It is October, and adhering to the biannual rhythm of our recent life, we have returned to Florida.   The flight fortunately was uneventful, and we arrived, as scheduled, on the same Saturday on which we boarded the plane.  The dogs arrived on Sunday, driven from Connecticut by their faithful friend and chauffeur, Kevin. 

After unpacking the smashed cartons of wrinkled clothing delivered by UPS, and calling the endless list of service people to find out why 1) some of our plants had died; 2) all of our outdoor lights weren’t working; 3) our barbecue grill decided to shut down; and 4) we had no TV reception, we finally settled in.

But the true highlight of our arrival was that, on Monday, my husband was to pick up his brand new car.  (To learn why he needed a brand new car, I refer you to my blog of January 31, 2013, in which I publically confess to destroying his previous car.)

His choice of a new vehicle was by no means haphazard, having devoted much of his summer in pursuit of the ideal machine.  He wanted a convertible.  He felt that life in Florida required a convertible. (I, on the other hand, don’t like riding around in a tanning booth, and would much rather have a roof over my head until the sun goes down.)
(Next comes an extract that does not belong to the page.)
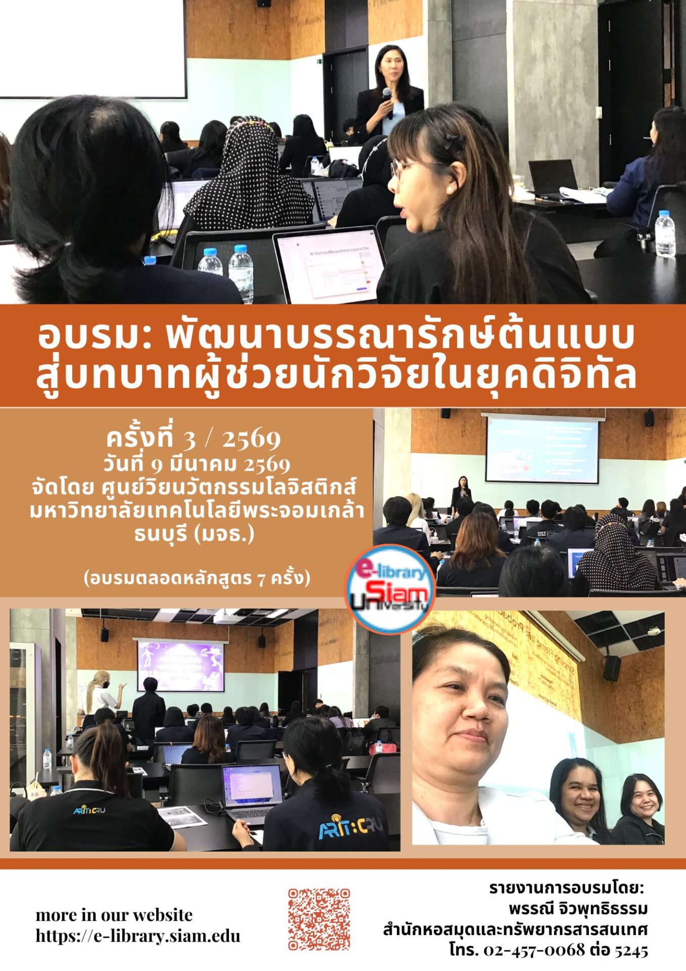 ศูนย์วิจัยนวัตกรรมโลจิสติกส์ มหาวิทยาลัยเทคโนโลยีพระจอมเกล้าธนบุรี (มจธ.) เล็งเห็นความสำคัญในการยกระดับทักษะบุคลากรห้องสมุด ให้มีศักยภาพสอดคล้องกับเทคโนโลยีสารสนเทศและปัญญาประดิษฐ์ในปัจจุบัน จึงได้จัดโครงการ “พัฒนาบรรณารักษ์ต้นแบบสู่บทบาทผู้ช่วยนักวิจัยในยุคดิจิทัล” เพื่อสร้างบรรณารักษ์ต้นแบบที่มีทักษะสนับสนุนงานวิจัยและบริการวิชาการอย่างเป็นรูปธรรม โดยมีกำหนดการอบรมตลอดหลักสูตร 7 ครั้ง / 7 วัน ในช่วงเดือน กุมภาพันธ์ – เมษายน 2569 เวลา 09.00 – 16.00 น. ของทุกวัน (ยกเว้นวันสุดท้าย) ณ อาคาร KX (Knowledge Xchange) กรุงเทพมหานคร  ในการนี้สำนักหอสมุดและทรัพยากรสารสนเทศ มหาวิทยาลัยสยาม ได้พิจารณาจัดส่งบุคลากรเข้าร่วมอบรมคือ นางพรรณี จิวพุทธิธรรม  ซึ่งได้เข้าร่วมอบรมใน ครั้งที่ 3/2569: : ระเบียบวิธีการวิจัยสำหรับผู้ช่วยวิจัย เมื่อวันที่ 9 มีนาคม 2569  ได้รับองค์ความรู้เพิ่มขึ้นจากการอบรม ดังนี้

I watched as all of his lawyerly intensity was brought to bear on this project.  I was in awe of how many articles he read, how many phone calls he made, how many test drives he took, and how many eager car salesmen pursued him.  He gained so much knowledge that ultimately, he could quote the amount of back-seat leg room and cubic feet of trunk space for every major brand.   He couldn’t have been more thorough if he had been given a research grant from Consumer Reports!

In the end, he chose the car of his dreams – a Mercedes Benz convertible.  It is a beautiful, sexy car, pearl white with a dark brown top and plush black and brown leather seats. This was no male mid-life crisis flashy sports bimbo.  She is a sophisticated lady appropriate for “a man of a certain age.”

So on Monday, I drove my eager husband to the car dealership.  We shook hands with the salesman, the manager, the finance guy, the detailer, and the receptionist who offered us a bottle of Mercedes-Benz water.

I gushed over our new hi-tech means of transportation, and stayed long enough for an explanation of unique and innovative ways to unlock the door and start the engine.  (Keys are so yesterday!)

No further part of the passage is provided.